Step 10: Vector Store Validator Builder

For the above vector store validator, add a builder to vector_store_builders.py:

from common.bootstrap.configuration.pipeline.embedding.vector_store.vector_store_configuration import (
    ChromaConfiguration,
    ...
)

...

class ChromaVectorStoreValidatorBuilder:
    """Builder for creating Chroma vector store validator instances.

    Provides factory method to create configured ChromaVectorStoreValidator
    objects with required components.
    """

    @staticmethod
    @inject
    def build(
        configuration: ChromaConfiguration, chroma_client: ChromaClient
    ) -> ChromaVectorStoreValidator:
        """Create configured Chroma validator instance.

        Args:
            configuration: Settings for vector store
            chroma_client: Client for Chroma interactions

        Returns:
            ChromaVectorStoreValidator: Configured validator instance
        """
        return ChromaVectorStoreValidator(
            configuration=configuration, chroma_client=chroma_client
        )

Step 11: Create Vector Store Binder

The last step is to add the corresponding binder responsible for initializing the vector store. Update vector_store_binders.py:

from chromadb.api import ClientAPI as ChromaClient

from common.bootstrap.configuration.pipeline.embedding.vector_store.vector_store_configuration import (
    ChromaConfiguration,
    ...
)

from common.builders.client_builders import (
    ChromaClientBuilder,
    ...
)
from common.builders.vector_store_builders import (
    ChromaStoreBuilder,
    ...
)
from embedding.validators.builders import (
    ChromaVectorStoreValidatorBuilder,
    ...
)

...

class ChromaBinder(BaseBinder):
    """Binder for the Chroma components."""

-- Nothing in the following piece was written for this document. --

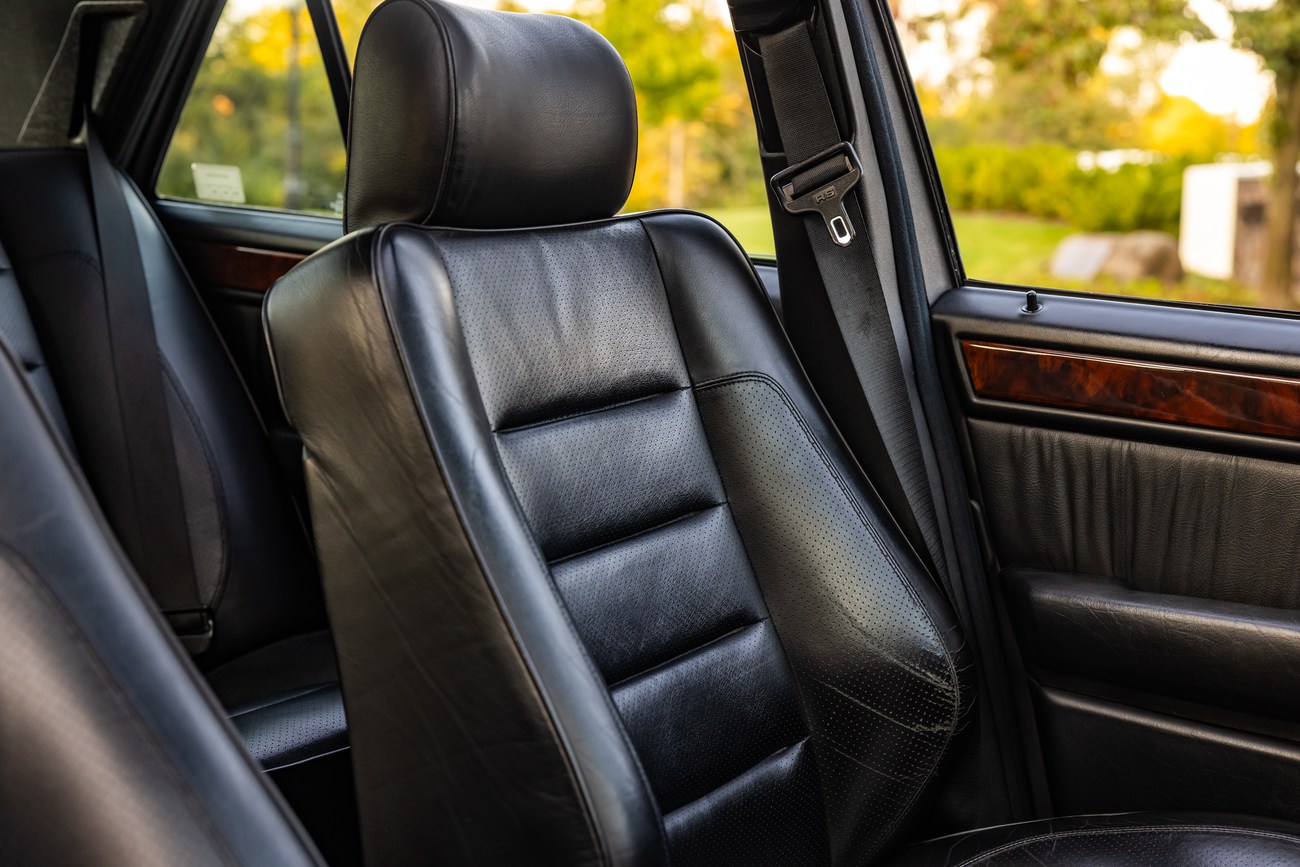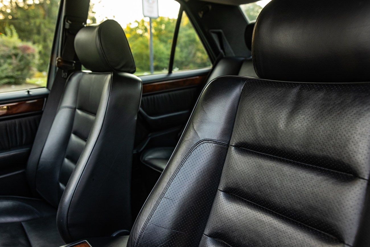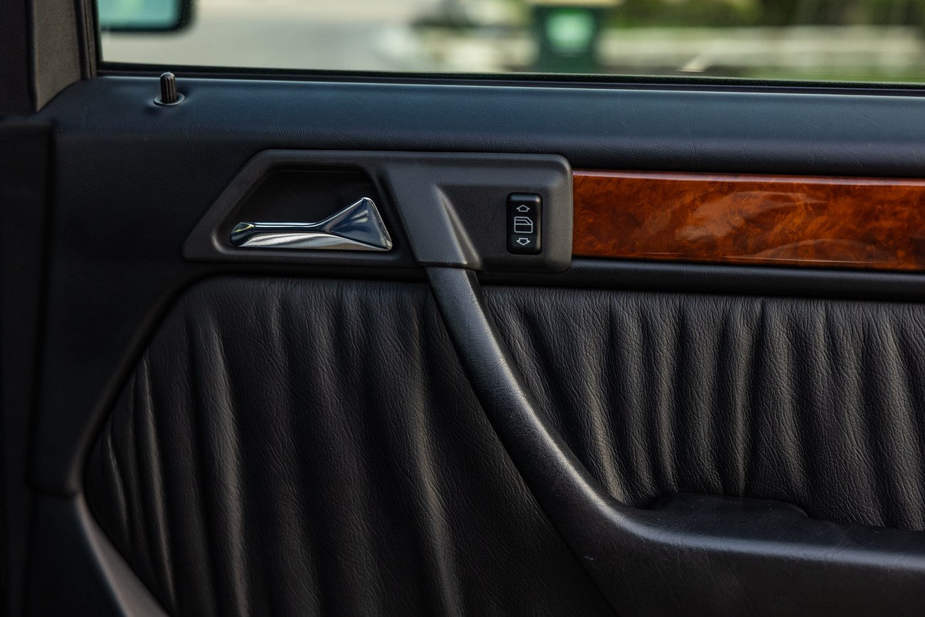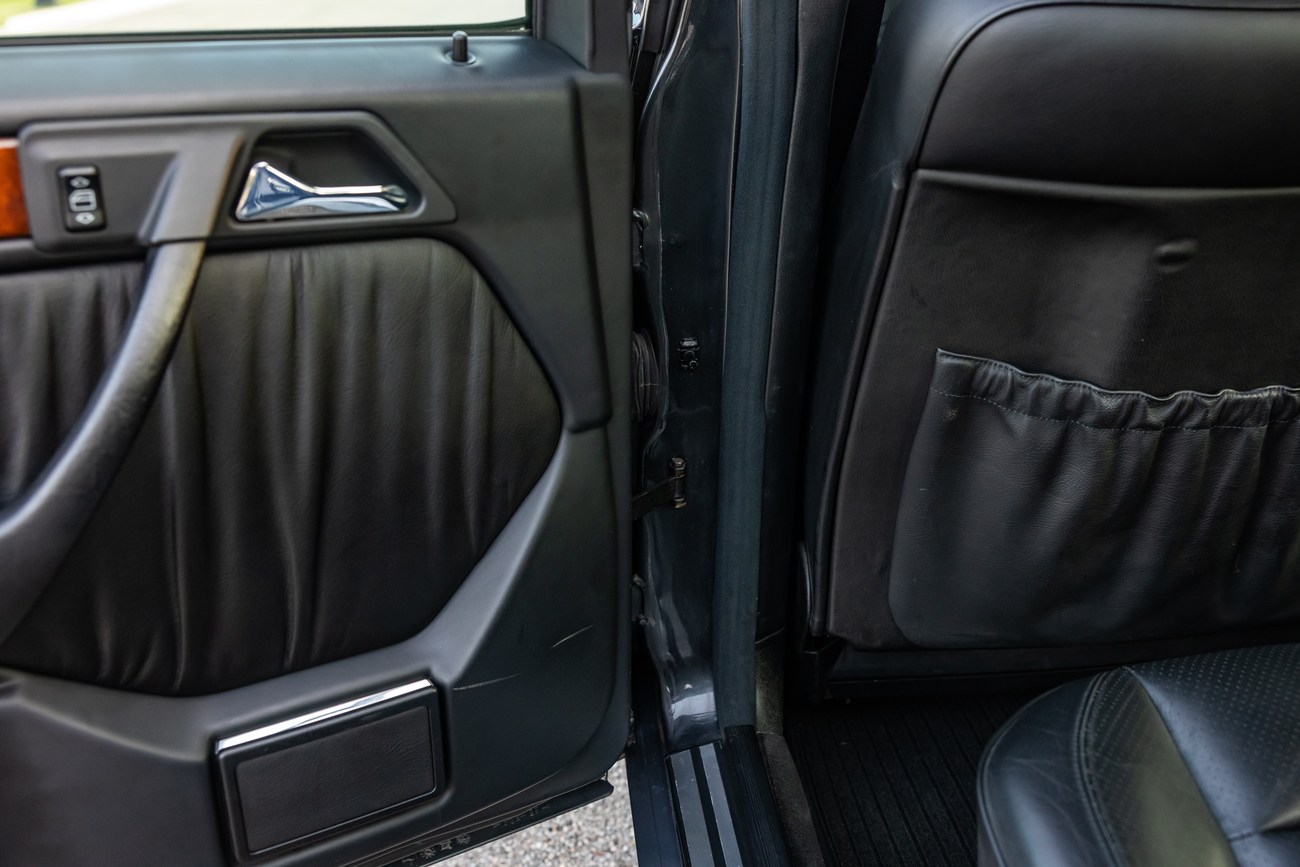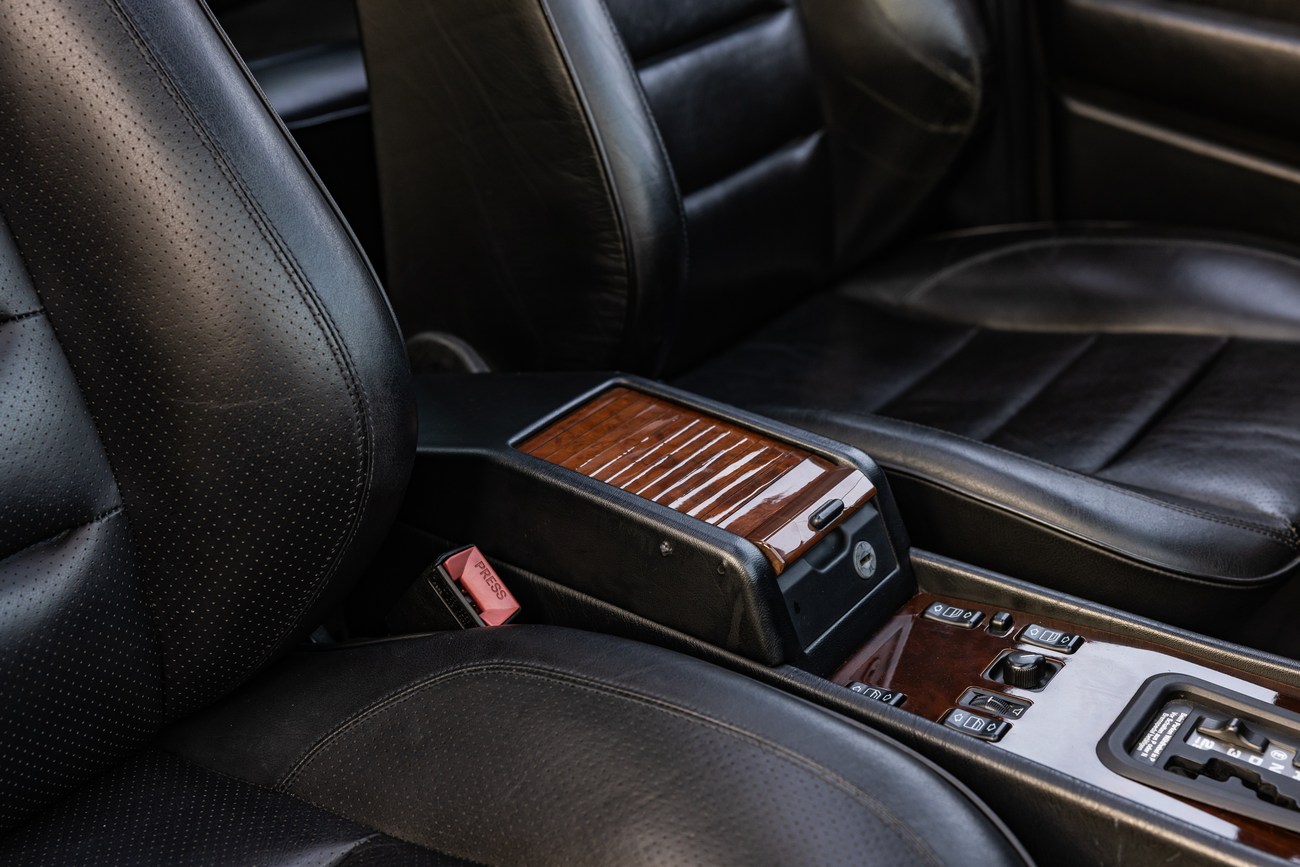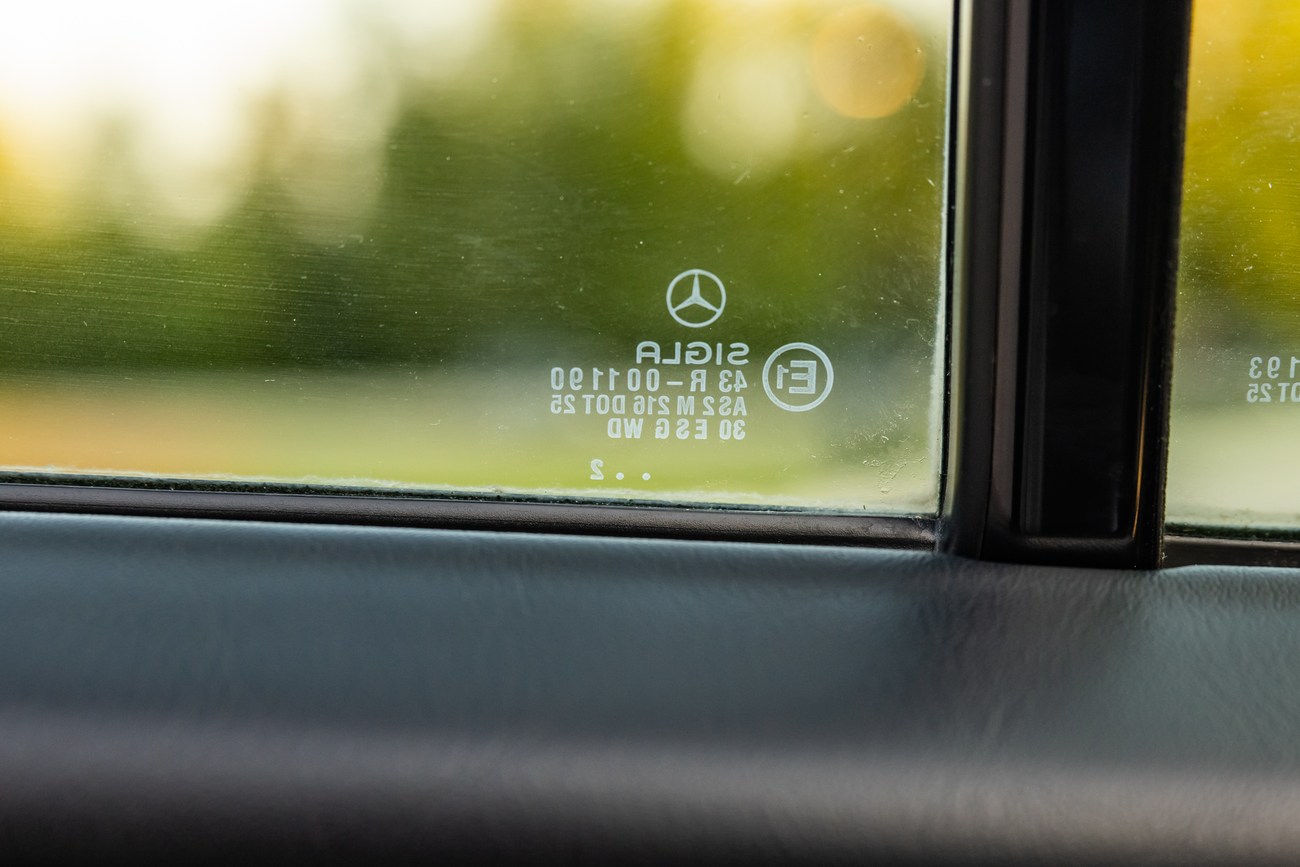 The body is finished in Black Pearl Metallic (199) with grey lower cladding. The 500E was assembled by Porsche and featured wheel arch flares, revised bodywork, and a lower ride height when compared to a standard W124 models. Additional exterior features include original Euro-spec 500E-specific headlights with wipers, integrated fog lights, a retractable antenna, and a power sunroof. The seller notes the lower cladding was refinished and rust repair was performed around the taillights and on the trunk by Michaelian Restoration of Stuart, Florida, in August 2022. The original "500E" badge has been replaced with the updated "E500" lettering on the trunk lid.

    def bind(self) -> None:
        """Bind the Chroma components."""
        self._bind_configuration()
        self._bind_client()
        self._bind_vector_store()
        self._bind_validator()

    def _bind_configuration(self) -> None:
        """Bind the Chroma configuration."""
        self.binder.bind(
            ChromaConfiguration,
            to=self.configuration.pipeline.embedding.vector_store,
            scope=singleton,
        )

    def _bind_client(self) -> None:
        """Bind the Chroma client."""
        self.binder.bind(
            ChromaClient,
            to=ChromaClientBuilder.build,
            scope=singleton,
        )

    def _bind_vector_store(self) -> None:
        """Bind the Qdrant store."""
        self.binder.bind(
            VectorStore,
            to=ChromaStoreBuilder.build,
            scope=singleton,
        )

    def _bind_validator(self) -> None:
        """Bind the Chroma vector store validator."""
        self.binder.bind(
            VectorStoreValidator,
            to=ChromaVectorStoreValidatorBuilder.build,
        )

...

class VectorStoreBinder(BaseBinder):
    """Binder for the vector store component."""

    mapping = {
        ...
        VectorStoreName.CHROMA: ChromaBinder,
    }

    ...

This ensures that all instances defined in this guide are successfully initialized during the bootstrap and ready to use. From this point, the Chroma database is available for use in the pipeline.